I don't find "argument via capitalism" to be valid in the slightest.
The statement "It's ok to do this because otherwise capitalist enterprise would collapse" isn't at all valid. It's an argument against capitalism, not an argument for the moral validity of the activity in question.
*shrug*
It's certainly an area that's ripe for serious philosophical debate. However, if the capitalist end weren't there, the products wouldn't exist. Farmers are never required to use a single Monsanto seed, ever. It's not like the world food supply would collapse without them, though there would be somewhat less food and it would therefore be more expensive. If you want a world with no Monsanto-style agricultural results, that's a totally defensible position. I personally don't mind living in a world with Monsanto in the market, particularly because they don't have any sort of a monopoly or oligopoly on seed, just their special deluxe seeds.

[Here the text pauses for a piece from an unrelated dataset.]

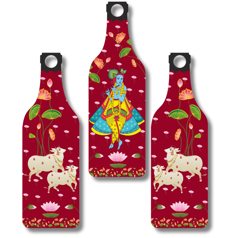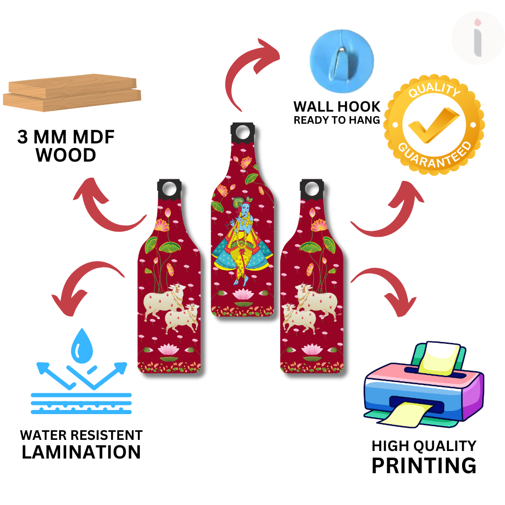 Adorn your home with this spiritual Krishna wall hanging, beautifully illustrated with Lord Krishna playing the flute, surrounded by lotus flowers and holy cows. Symbolizing peace, prosperity, and devotion, this artwork radiates divine charm and positivity. A perfect décor for your living room, pooja room, or gifting, it brings serenity and blessings of Lord Krishna into your space.

There are some more extractive elements to Monsanto's business, specifically their pesticide/herbicide and pesticide/herbicide resistance lines of products. Farmers aren't required to buy those either, and Monsanto may be riding a short wave with them anyways. What Monsanto has not done, but a lot of people seem to imagine they have, is to corner the market for seeds, make no genetic changes other than to make them non-reproductive, and then make only the modified seeds available in perpetuity to extract massive rents.
I personally like publicly funded research for agriculture (in Minnesota, where I live, our state university has been incredibly successful in this field and it has amply paid back the investments). It's not much cheaper, but it's not as rapacious. The Monsanto bargain doesn't seem like a good one to me, and if I owned a farm I doubt I would take it. But for those who would, it doesn't seem fundamentally unreasonable to me that a person can freely choose to engage in a highly restrictive deal to access the fruit of a billion dollars' worth of research. Outside of their designer lines their deals aren't so oppressive, and they aren't the only vendor around.